The same cells that guard the brain may play a key role in stroke and Alzheimer's disease

The health of the brain depends on more than just its neurons. A complex network of blood vessels and immune cells act as the brain’s devoted guardians – they control what gets in, clear out waste, and protect it from threats by forming the blood-brain barrier.

A new study by researchers at the Gladstone Institutes and the University of California, San Francisco (UCSF) shows that many genetic risk factors for neurological diseases such as Alzheimer's and stroke act in these protective cells.

“When studying diseases that affect the brain, most research has focused on the neurons in the brain,” said Andrew C. Yang, PhD, a Gladstone Institutes researcher and senior author of the new study. “I hope our findings will spark greater interest in the cells that form the boundaries of the brain, since they may play a key role in diseases like Alzheimer’s.”

The findings, published in the journal Neuron, address a long-standing question about where genetic risk begins, and suggest that a vulnerability in the brain's defence system may be a key trigger for the disease.

Mapping the Brain's Defenders

Over the years, large-scale genetic studies have linked dozens of DNA variants to an increased risk of neurological diseases such as Alzheimer's, Parkinson's, or multiple sclerosis.

But a major mystery remained: More than 90 percent of these variants are located not in the genes themselves, but in surrounding regions of DNA that do not code for proteins, previously mistakenly called “junk DNA.” These regions act as complex regulators that turn genes on or off.

Until now, scientists have lacked a complete map of exactly which regulators control which genes and in which brain cells they act, which has prevented them from moving from genetic discoveries to new treatments.

New technology provides answers

The blood-brain barrier is the brain's first line of defense. It is a cellular boundary formed by blood vessel cells, immune cells, and other support cells that carefully control access to the brain.

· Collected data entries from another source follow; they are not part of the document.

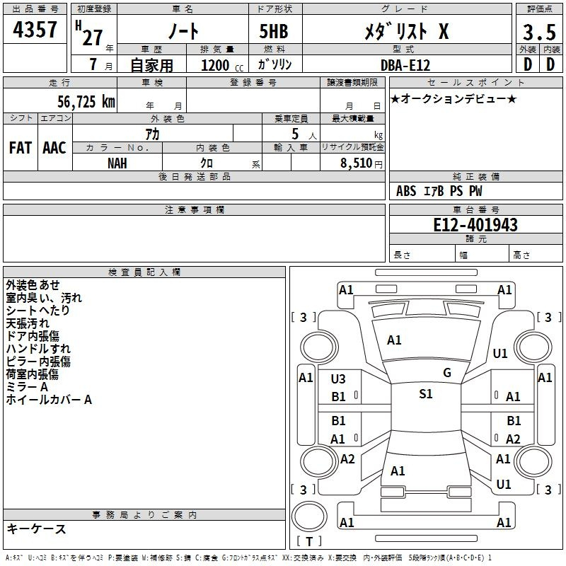 Nissan Note, 2015 года - Лот№4357 ★3.5
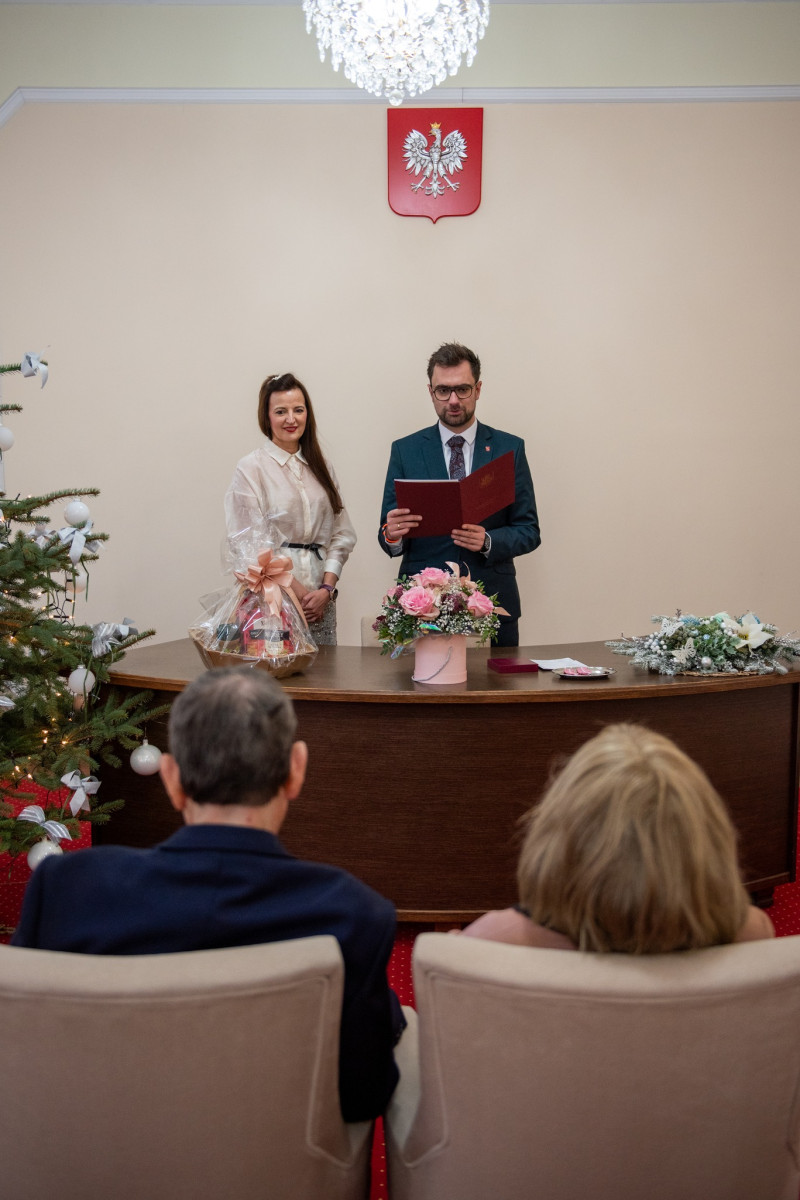 Podczas uroczystości nie zabrakło gratulacji i życzeń kolejnych lat spędzonych w zdrowiu, zgodzie i rodzinnej atmosferze. Złote Gody to nie tylko osobiste święto Jubilatów, ale także piękny przykład dla młodszych pokoleń mieszkańców miasta.
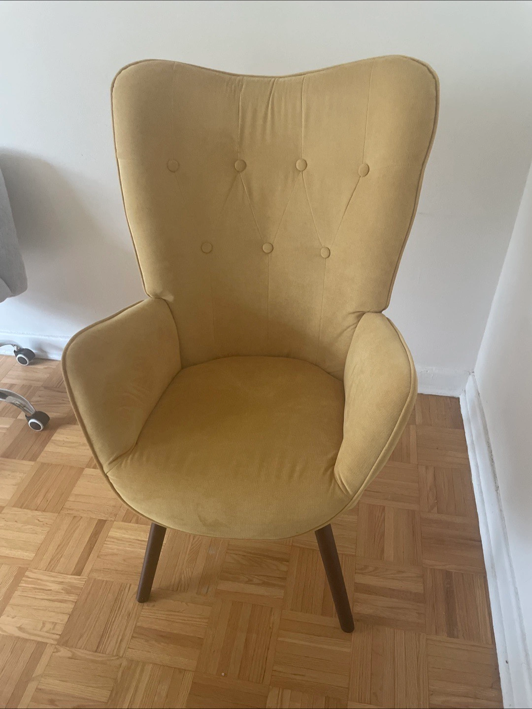 Selling a cute yellow accent chair! It's in great condition and would look lovely in any room. The chair has a stylish design with button detailing on the backrest and sleek wooden legs. It's also very comfortable for sitting and relaxing
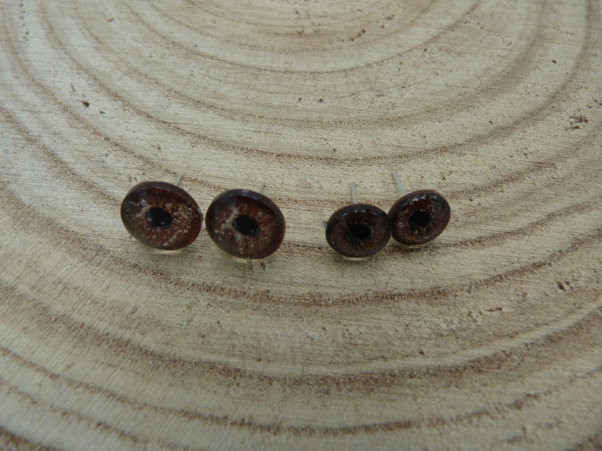 Deze bruine oogjes met ronde pupil zitten vast op een ijzeren pinnetje en worden altijd per setje geleverd.
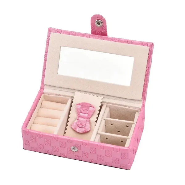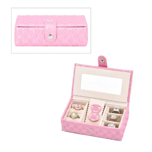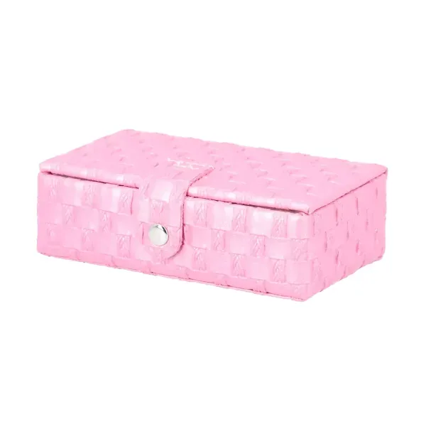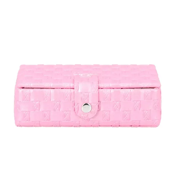 Store your jewelry in style with this pink woven faux leather travel jewelry box. Designed for compact organization, this small jewelry case keeps your pieces protected while adding a refined touch to your vanity or travel bag.
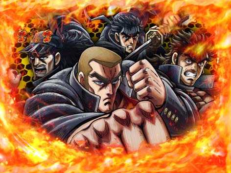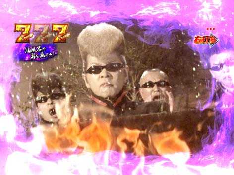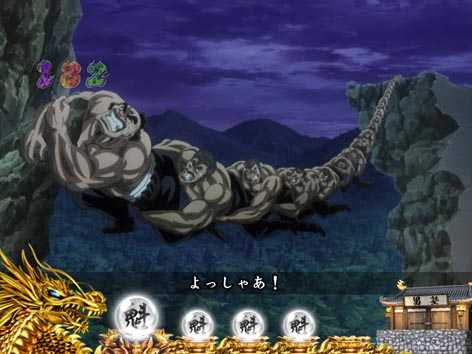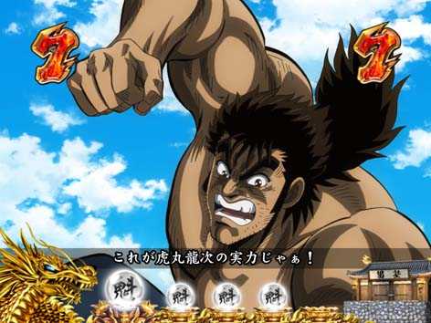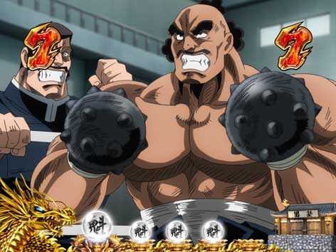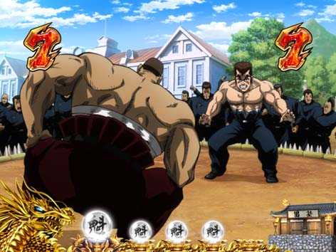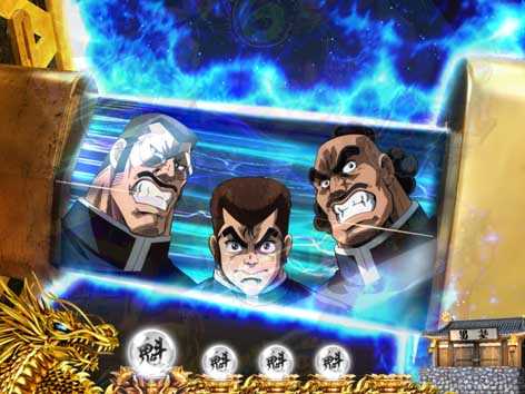 男塾の名物キャラ、田沢、秀麻呂、松尾の3人が活躍するリーチ。いずれも演出成功で、「驚邏大四凶殺」へ発展!
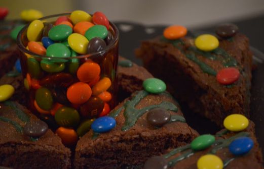 Ingrédients (pour 12 parts) : - 125g de beurre - 150g de chocolat noir - 2 œufs - 50g de sucre - 75g de cassonade - 120g de farine - 200g de M&M’s choco - 3 cuillères à soupe de sucre glace - Colorant vert C’est bi [...]

But these important cells have been difficult to study, even with the most powerful genetic techniques. To overcome this, Gladstone’s team developed a technology called MultiVINE-seq that allows them to gently isolate vascular and immune cells from postmortem human brain tissue.

The technology allowed for the first time to simultaneously map two layers of information: gene activity and chromatin access patterns (regulator settings) in each cell. The scientists studied 30 brain samples from people with and without neurological diseases, giving them a detailed look at how genetic risk variants act in different types of brain cells.

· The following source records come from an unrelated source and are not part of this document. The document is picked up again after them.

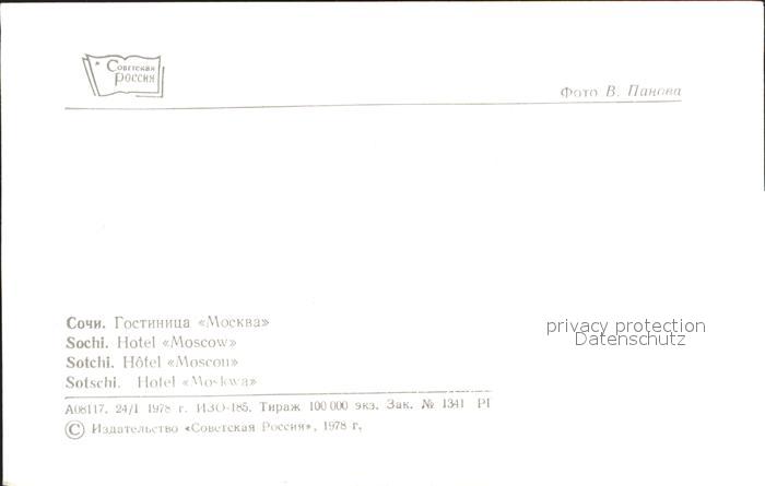 Sotschi Hotel Moskau postalisch nicht gelaufen Erhaltung siehe scans
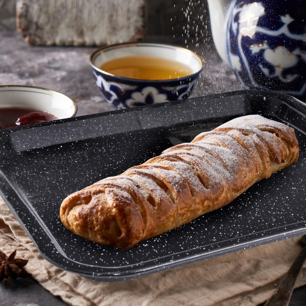 Smaltované plechy využijete na přípravu buchet, koláčů, cukroví a dalších moučníků, ale také na pečení masa, na zapékání brambor, těstovin, zeleniny... Materiál: plech se smaltovou povrchovou úpravou. Rozměry: 42x37x3,5 cm (vnitřní rozměr 38x34x3,5 cm).
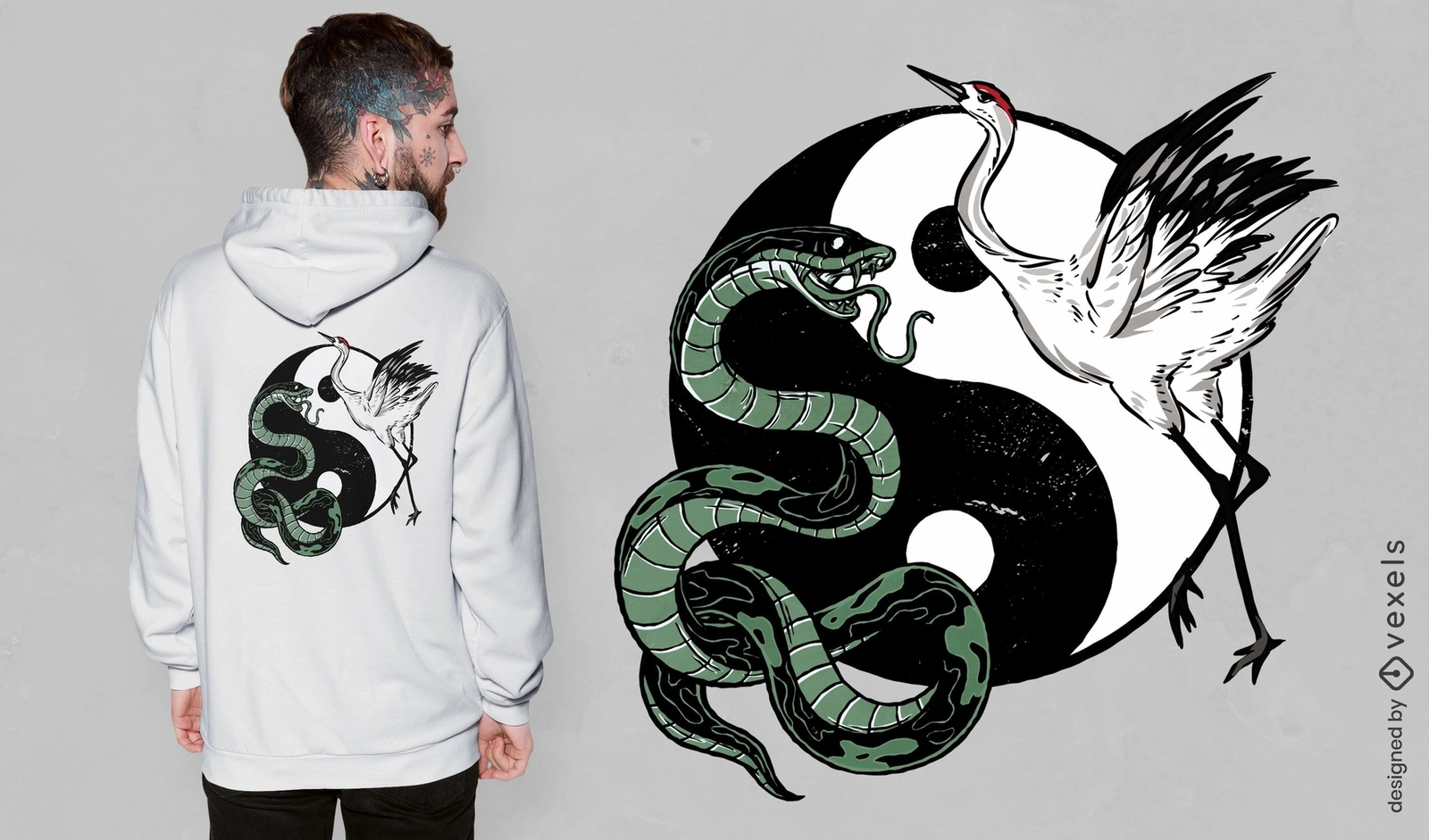 Yin yang snake and crane t-shirt design
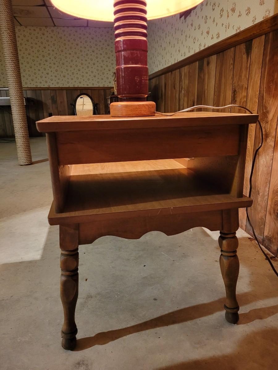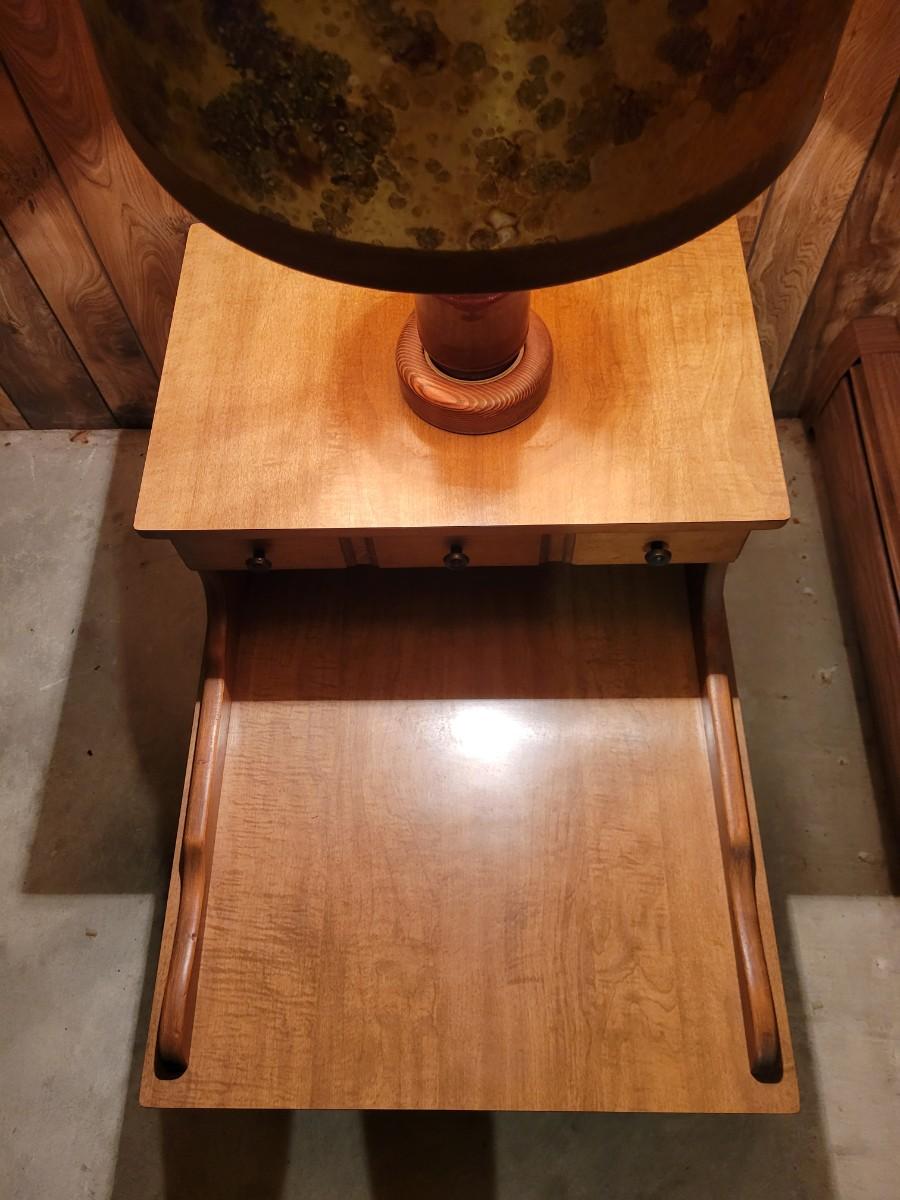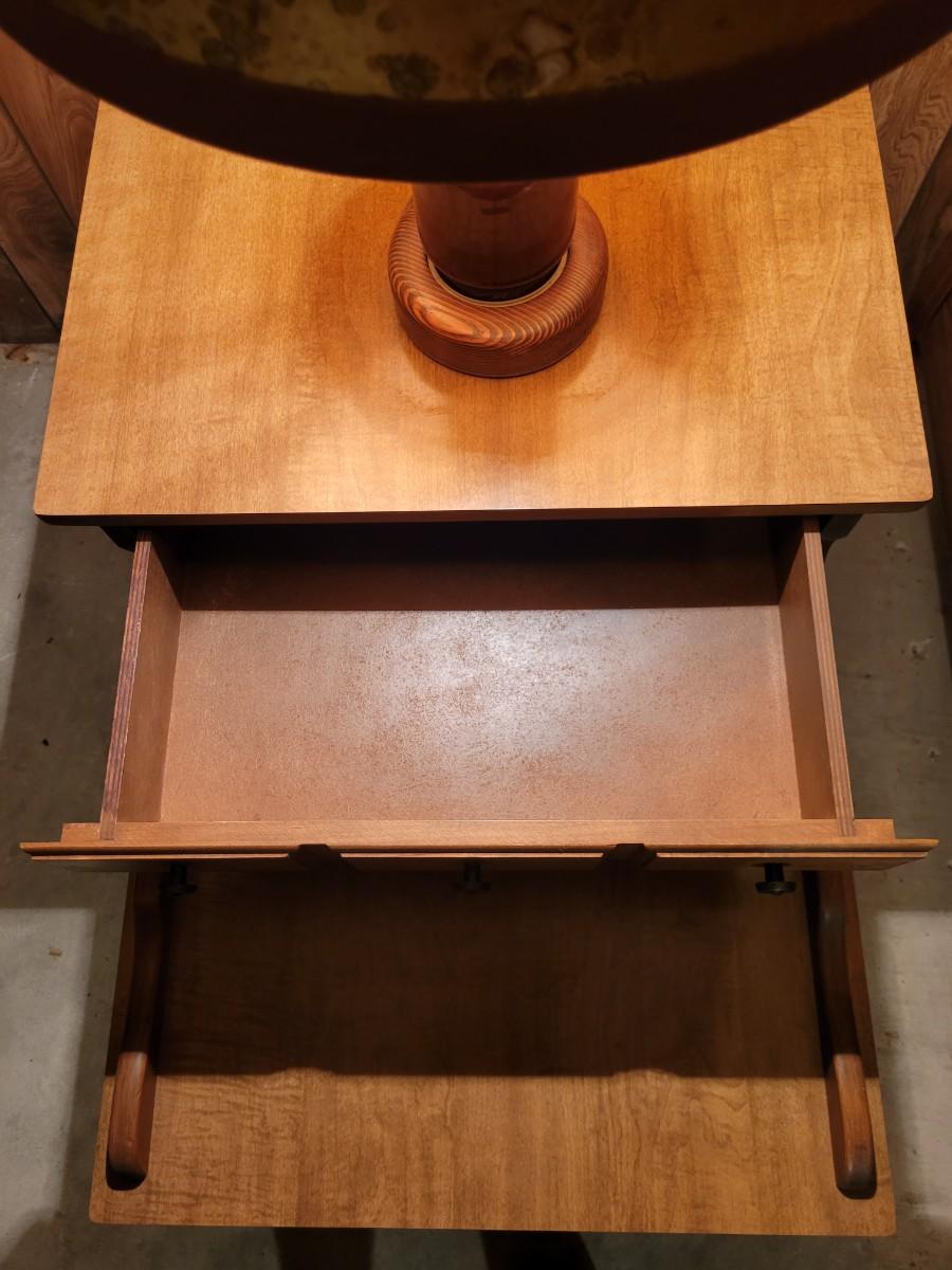 LOT:133: Wood Side Table with Drawers and Mid Centry Moder Lamp

Along with researchers Ryan Corses and Katie Pollard, lead authors Madigan Reid and Shreya Menon combined their single-cell atlas with large-scale genetic data on Alzheimer’s, stroke, and other brain diseases. This allowed them to pinpoint where disease-associated variants are active — and many were found to be active in vascular and immune cells, not neurons.

“We knew before that these genetic variants increased the risk of disease, but we didn’t know where or how they acted in the context of brain barrier cells,” Reid says. “Our study shows that many of them function specifically in the blood vessels and immune cells of the brain.”

Different diseases - different disorders

One of the most striking findings of the study is that genetic risk factors affect the brain barrier system in fundamentally different ways depending on the disease.

“We were surprised to see that the genetic drivers of stroke and Alzheimer’s disease had such different effects, even though both diseases affect the blood vessels of the brain,” Reid says. “This suggests that the mechanisms are indeed different: structural weakening of the vessels in stroke and impaired immune signaling in Alzheimer’s.”

In stroke, genetic variants primarily affect genes that control the structural integrity of blood vessels, potentially weakening them. While in Alzheimer's, they boost genes that regulate immune activity, suggesting that increased inflammation, rather than weak blood vessels, is the key factor.

Among the variants associated with Alzheimer’s, one stood out — a common variant near the PTK2B gene, which is present in more than a third of the population. It was most active in T cells, a type of immune cell. The variant boosts gene expression, which can stimulate T cells to activate and enter the brain, leading to hyperactivation of the immune system. The team found these “overloaded” T cells near amyloid plaques, the protein clumps that are characteristic of Alzheimer’s.

“Scientists are still debating the role of T cells and other components of the immune system in Alzheimer’s disease,” says Young. “Here we present genetic evidence in humans that a common risk factor for Alzheimer’s may act through T cells.”

Interestingly, PTK2B is already a known drug target, and drugs that inhibit its activity are already in clinical trials for cancer. The new study opens the possibility of exploring whether such drugs could be repurposed for Alzheimer’s disease.

The Importance of Location

The results of a study of the brain's "defender cells" open up two new possibilities for protecting it.

Because these cells sit at a critical juncture between the brain and body, they are constantly exposed to lifestyle and environmental factors that can interact with genetic predisposition to promote disease. Their location also makes them a promising target for therapy, as it potentially allows drugs to boost the brain’s defenses from the outside without having to pass through the complex blood-brain barrier.

“This work brings vascular and immune cells in the brain to the forefront,” says Young. “Given their unique position and role in connecting the brain to the body and the outside world, our work may lead to new, more accessible drug targets and prevention strategies that protect the brain from the outside in.”